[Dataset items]
--- START ---

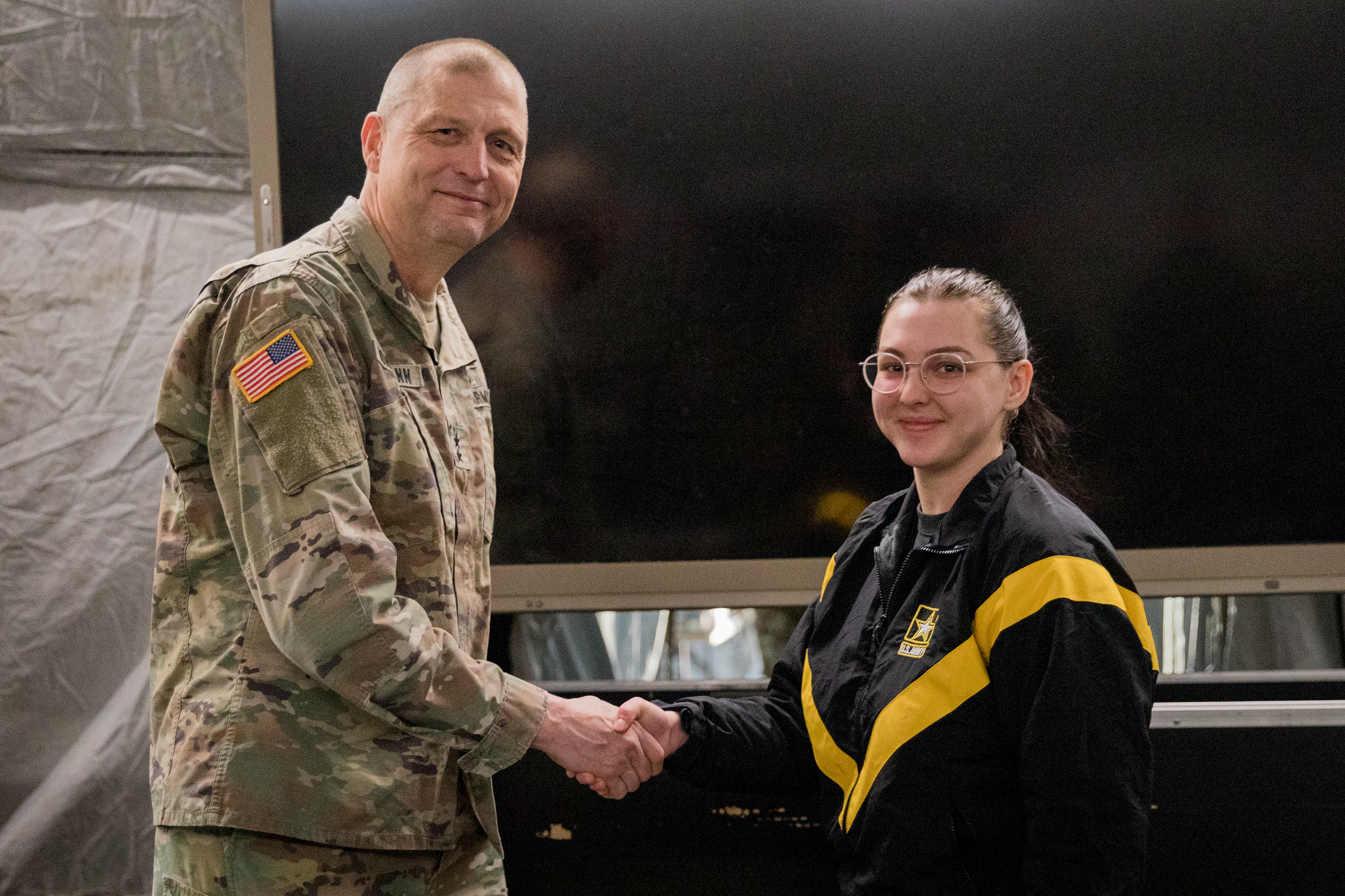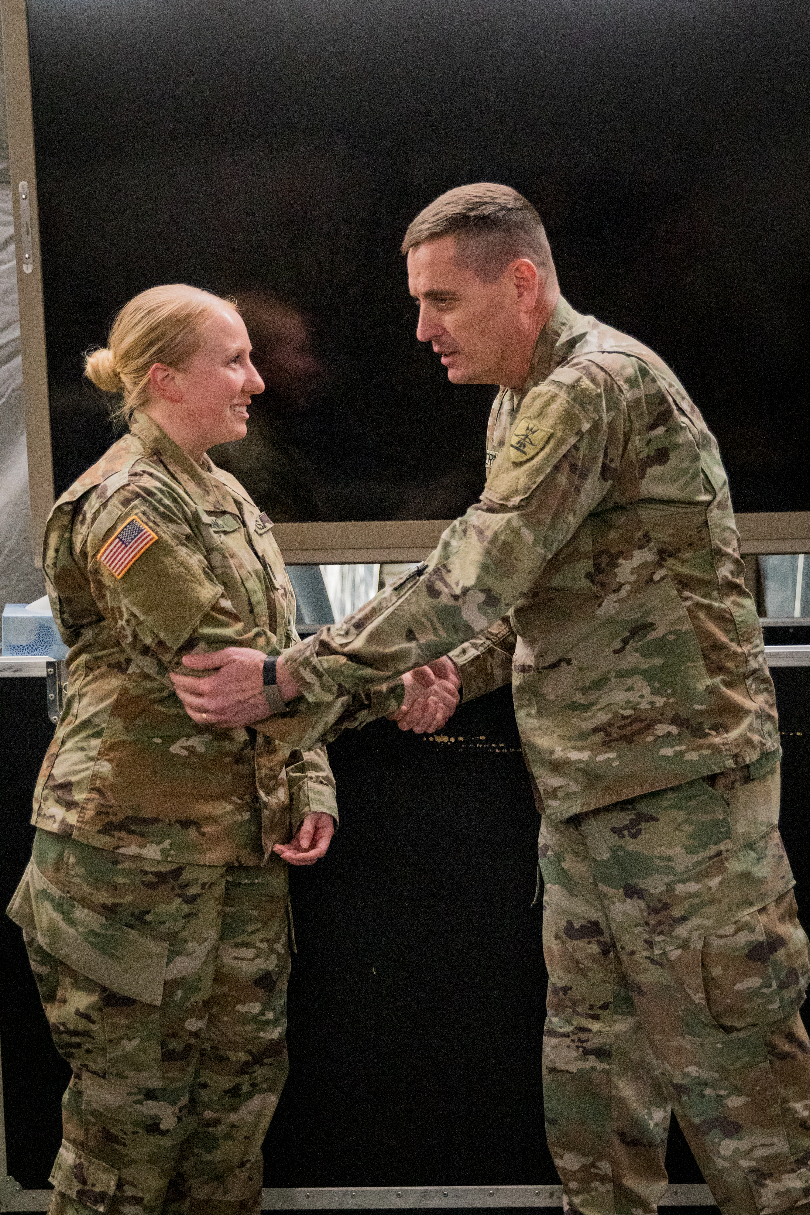 Maj. Gen. Al Dohrmann, left, N.D. adjutant general presents a recognition coin to Spc. William Eberle, 141st Maneuver Enhancement Brigade, during his unit's Warfighter exercise, Camp Atterbury, Indiana, Nov. 2, 2022.
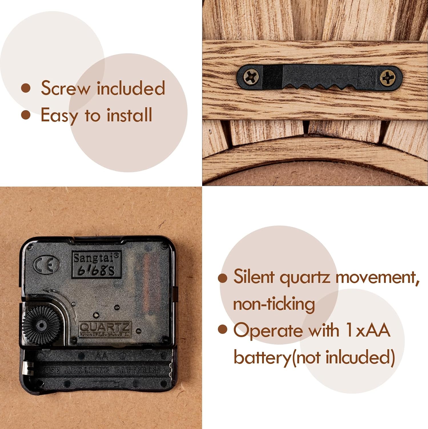 • Solid Wood Decorative Clocks: Made of solid wood with excellent handmade workmanship, this wall clocks battery operated features beautiful wood texture and rustic style, without any cheap plastic exterior or paint
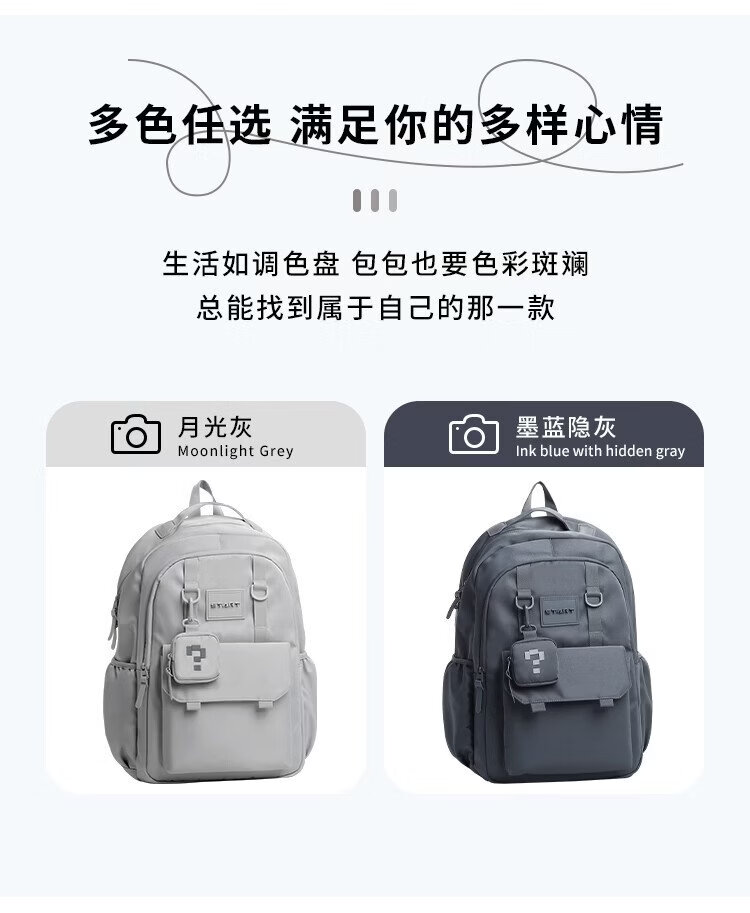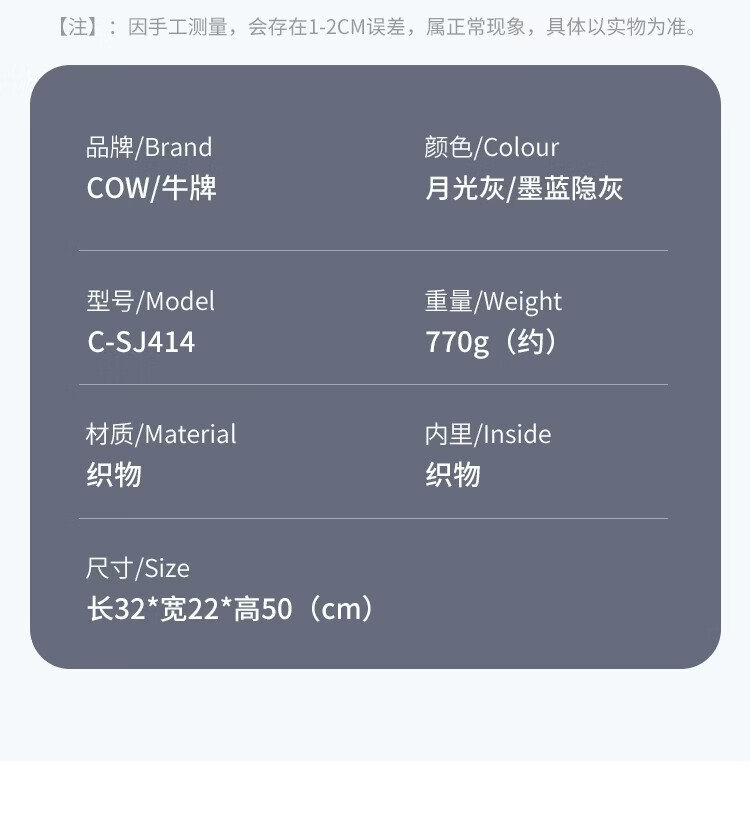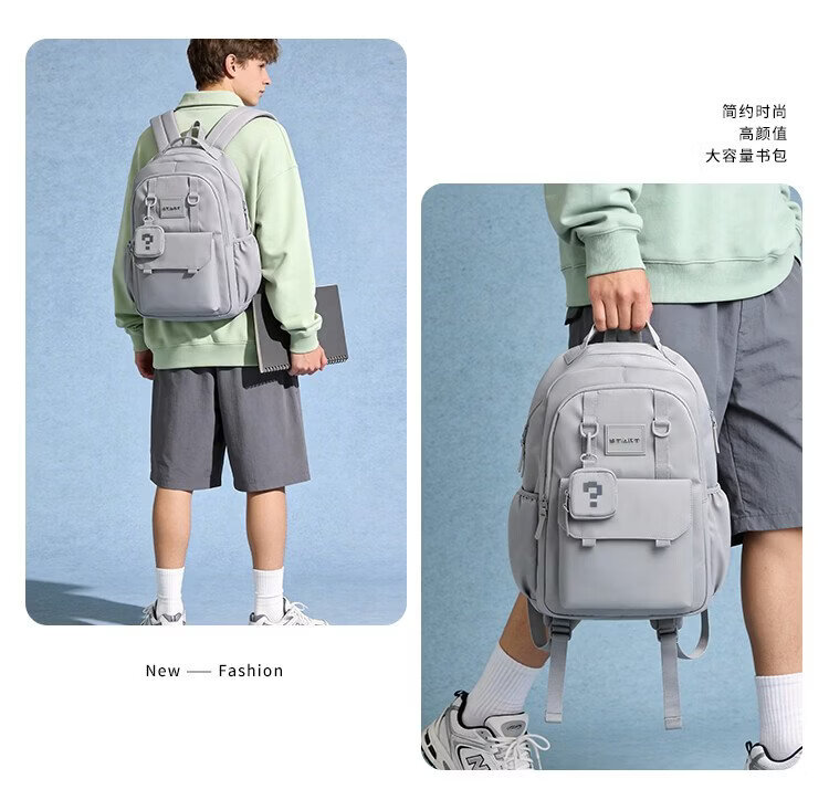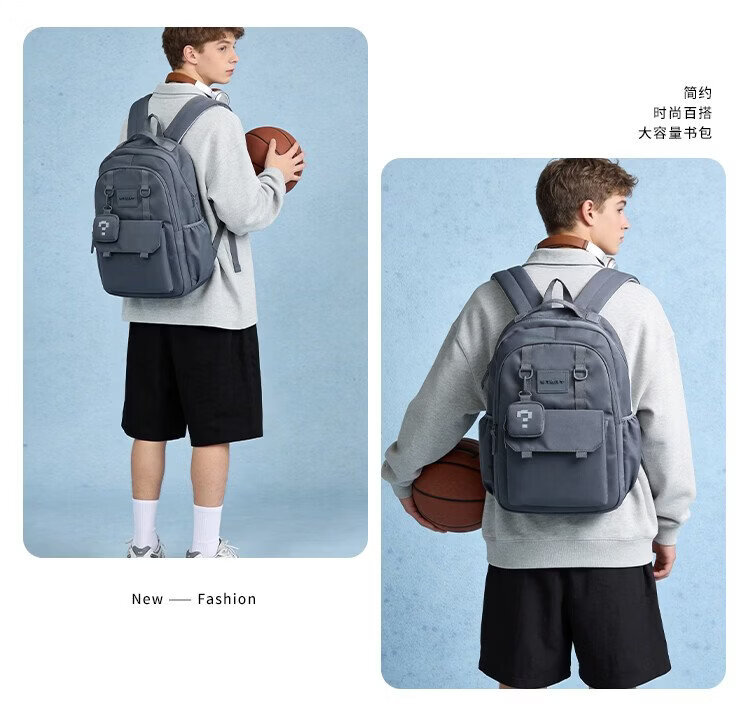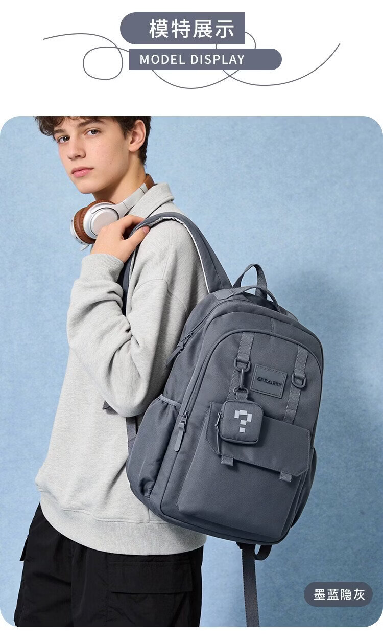 COW backpack men's junior high school and high school college student bag large capacity business commuter backpack light casual bag ink blue gray
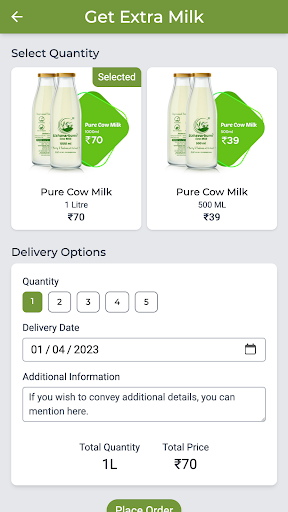 With our App, you can make Secure Payments, Subscribe to our Fresh Cow Milk, Place Orders for our other products, Inform about your Vacations, Get a Summary of your Purchases, and much much more.
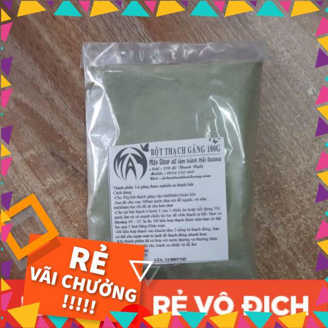 Bột thạch găng 100% nguyên chất Thạch lá găng có tác dụng giải nhiệt, thanh lọc cơ thể, chống sỏi thận... Shop có gửi tặng hướng dẫn cách làm . 100g bột thạch lá găng có thể làm được 7-8 lít thạch. Bí quyết để thạch giòn hơn: sau khi vò , ta cho 1 chút nước vôi trong Bí quyết để thạch nhanh đông: dùng nước ấm 30-40 độ. Xuất xứ: Việt Nam Hạn sử dụng : 1 năm
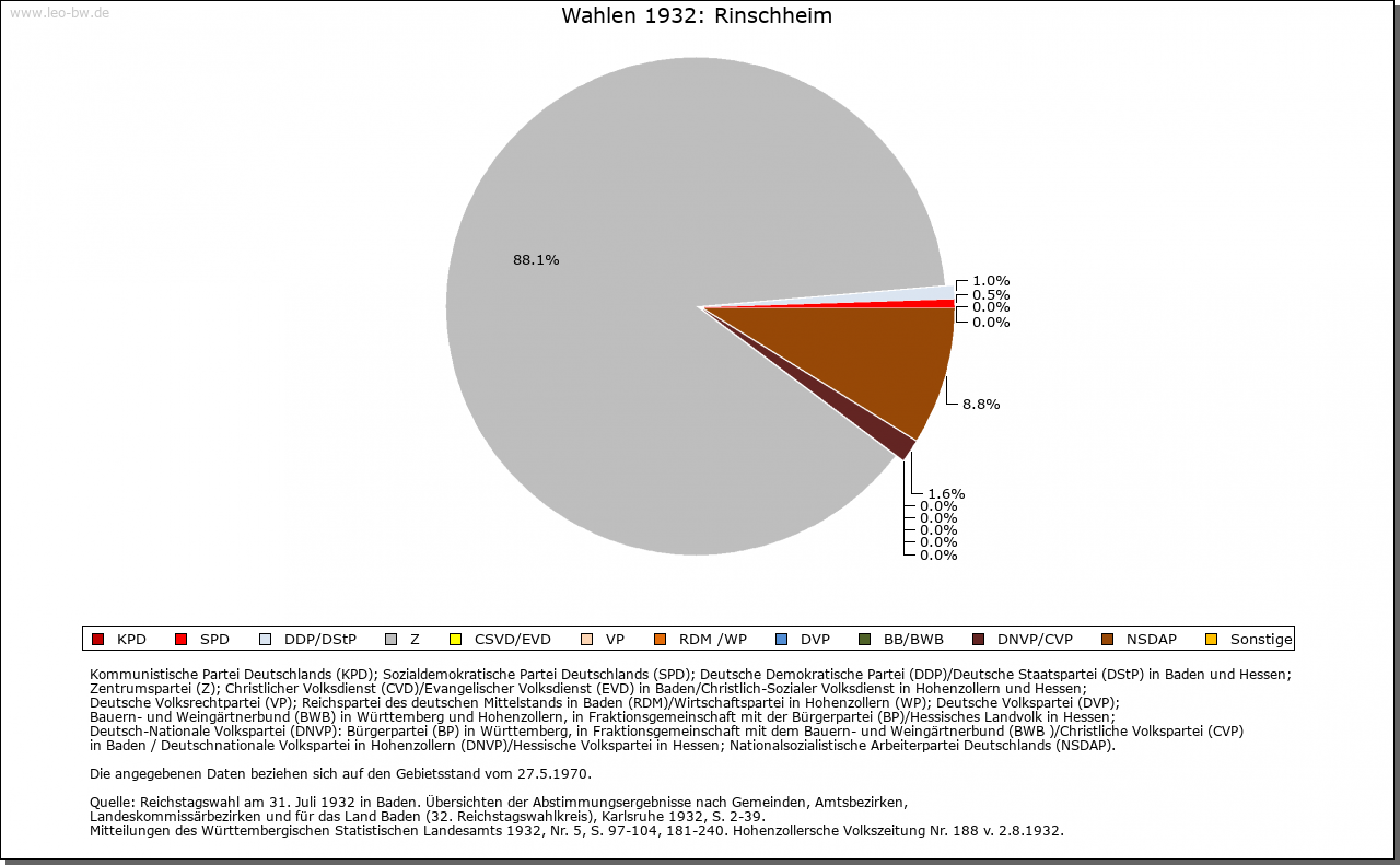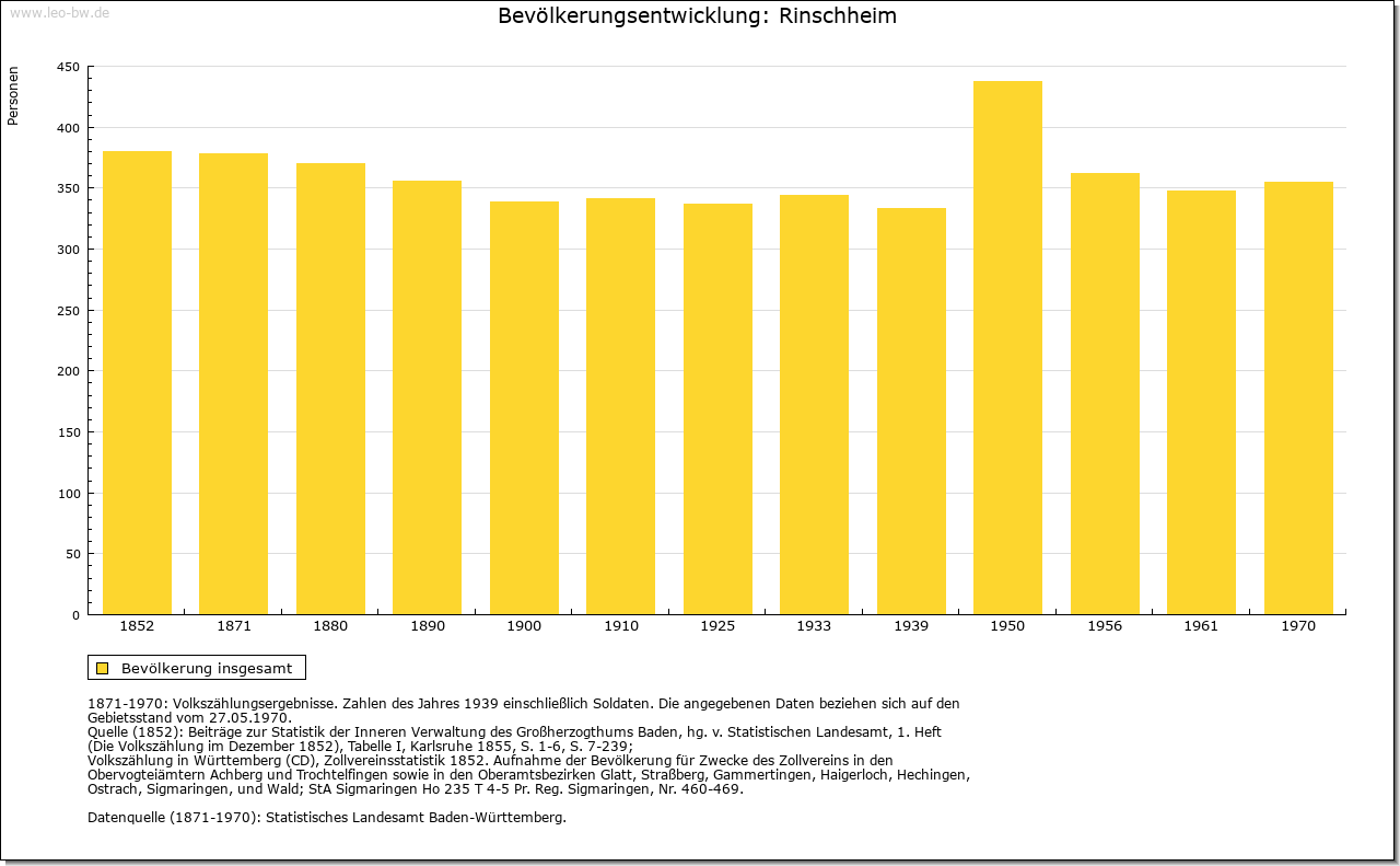 | Kirche und Schule: | Kirchlich war Rinschheim Filial von Götzingen. Die Filialkirche St. Hippolyt und Kassian 1805 als kleiner Saal mit zwiebelgekröntem Dachreiter neu errichtet. Evangelische nach Bofsheim eingepfarrt. |

--- END ---

▶ _THE PROBLEM_
In your answer, repeat all the entries exactly, but leave out the pictures.

▶ _EXERCISE OUTPUT_
 Maj. Gen. Al Dohrmann, left, N.D. adjutant general presents a recognition coin to Spc. William Eberle, 141st Maneuver Enhancement Brigade, during his unit's Warfighter exercise, Camp Atterbury, Indiana, Nov. 2, 2022.
 • Solid Wood Decorative Clocks: Made of solid wood with excellent handmade workmanship, this wall clocks battery operated features beautiful wood texture and rustic style, without any cheap plastic exterior or paint
 COW backpack men's junior high school and high school college student bag large capacity business commuter backpack light casual bag ink blue gray
 With our App, you can make Secure Payments, Subscribe to our Fresh Cow Milk, Place Orders for our other products, Inform about your Vacations, Get a Summary of your Purchases, and much much more.
 Bột thạch găng 100% nguyên chất Thạch lá găng có tác dụng giải nhiệt, thanh lọc cơ thể, chống sỏi thận... Shop có gửi tặng hướng dẫn cách làm . 100g bột thạch lá găng có thể làm được 7-8 lít thạch. Bí quyết để thạch giòn hơn: sau khi vò , ta cho 1 chút nước vôi trong Bí quyết để thạch nhanh đông: dùng nước ấm 30-40 độ. Xuất xứ: Việt Nam Hạn sử dụng : 1 năm
 | Kirche und Schule: | Kirchlich war Rinschheim Filial von Götzingen. Die Filialkirche St. Hippolyt und Kassian 1805 als kleiner Saal mit zwiebelgekröntem Dachreiter neu errichtet. Evangelische nach Bofsheim eingepfarrt. |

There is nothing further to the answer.